AVAILABLE DATA
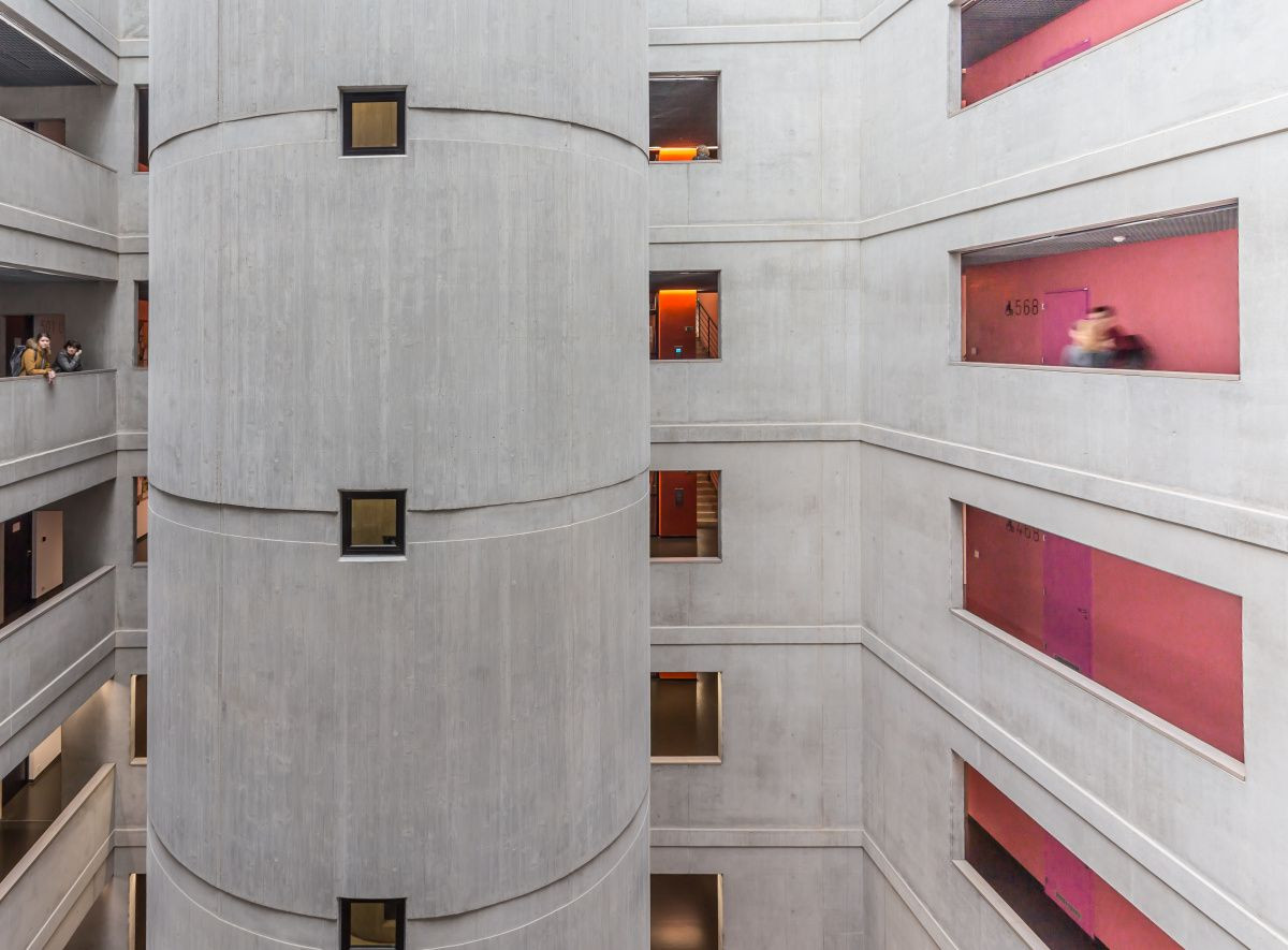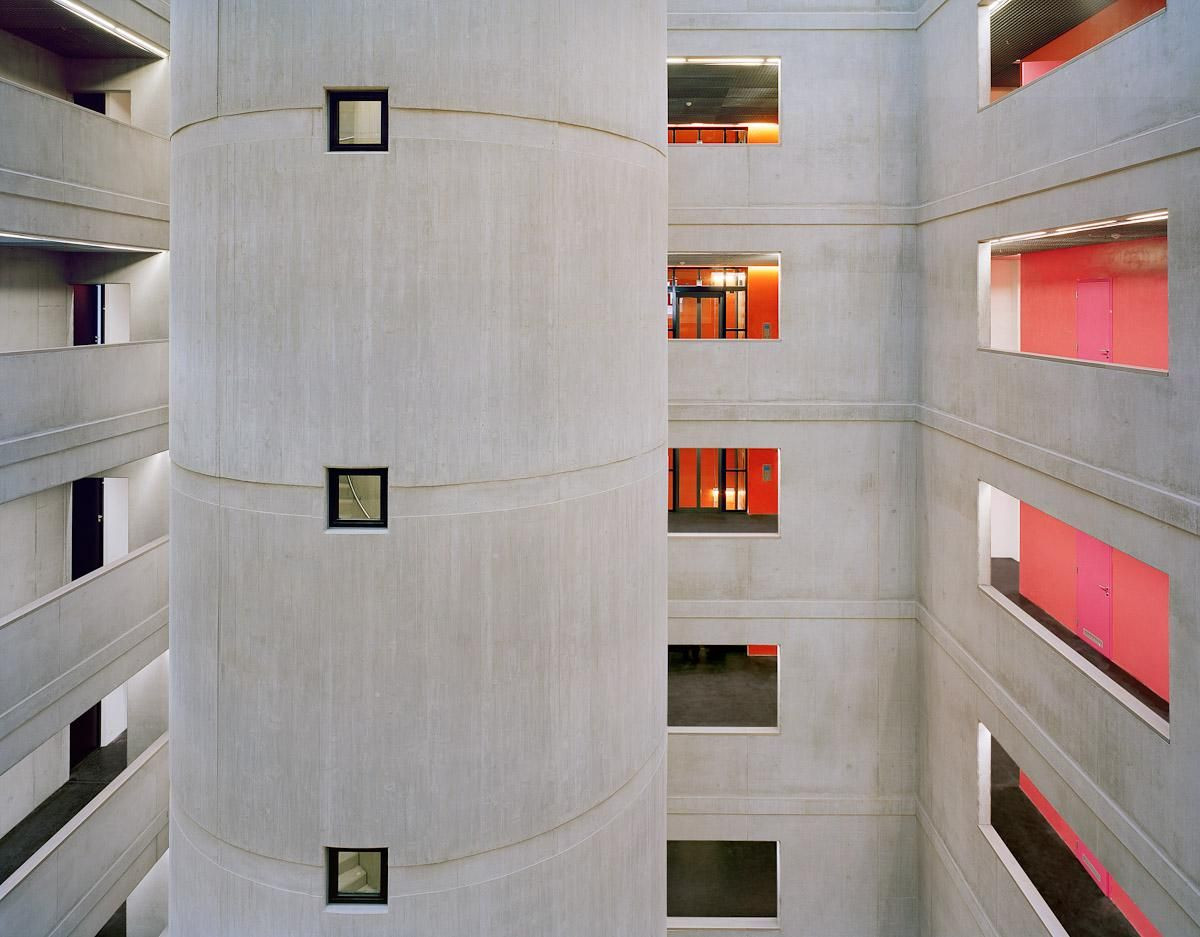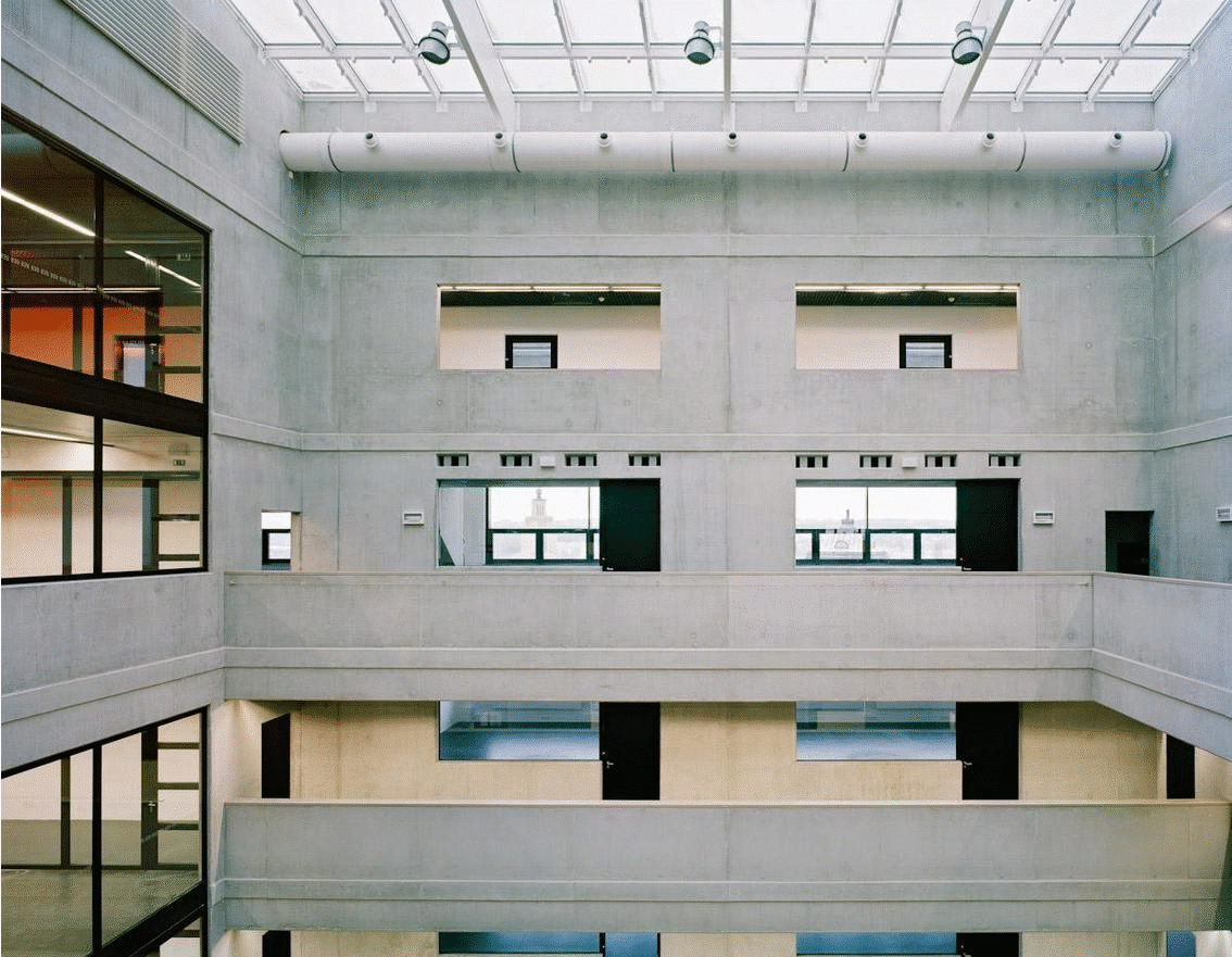 Solidní materiály nevyžadující extra péči určují výraz budovy hlavně v interiéru. Povrchy snesou z dlouhodobého hlediska téměř vše – na to krátkodobé upozornili autoři návrhu studenty už ve svém provolání, jak se k budově mají chovat.
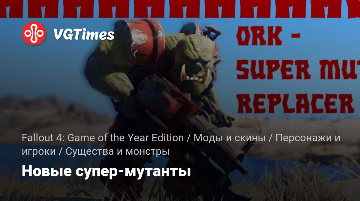 Этот мод заменяет супермутантов, бегемотов и гончих-мутантов и их оружие на орков и сквигов из вселенной Warhammer 40,000. Изменяет большинство доспехов Супермутантов, чтобы они соответствовали им.
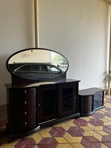 Klassik tərzdə qonaq otağı mebel dəsti Tərkibi: - Geniş komod və böyük divar güzgüsü: üst hissədə dekor üçün geniş səth, mərkəzdə 4 ədəd çəkmece, hər iki yanda qapalı dolab. Metalkenarlı tutacaqla...
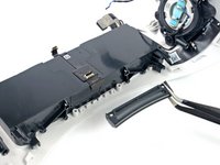 The battery is positioned above the screen and lens assembly and requires significant disassembly in order to reach it.

TASK DESCRIPTION
With pictures excluded, copy exactly the lines from the line containing "Klassik tərzdə qonaq" through the last line of the listing above, both ends included.

ANSWER SPACE
 Klassik tərzdə qonaq otağı mebel dəsti Tərkibi: - Geniş komod və böyük divar güzgüsü: üst hissədə dekor üçün geniş səth, mərkəzdə 4 ədəd çəkmece, hər iki yanda qapalı dolab. Metalkenarlı tutacaqla...
 The battery is positioned above the screen and lens assembly and requires significant disassembly in order to reach it.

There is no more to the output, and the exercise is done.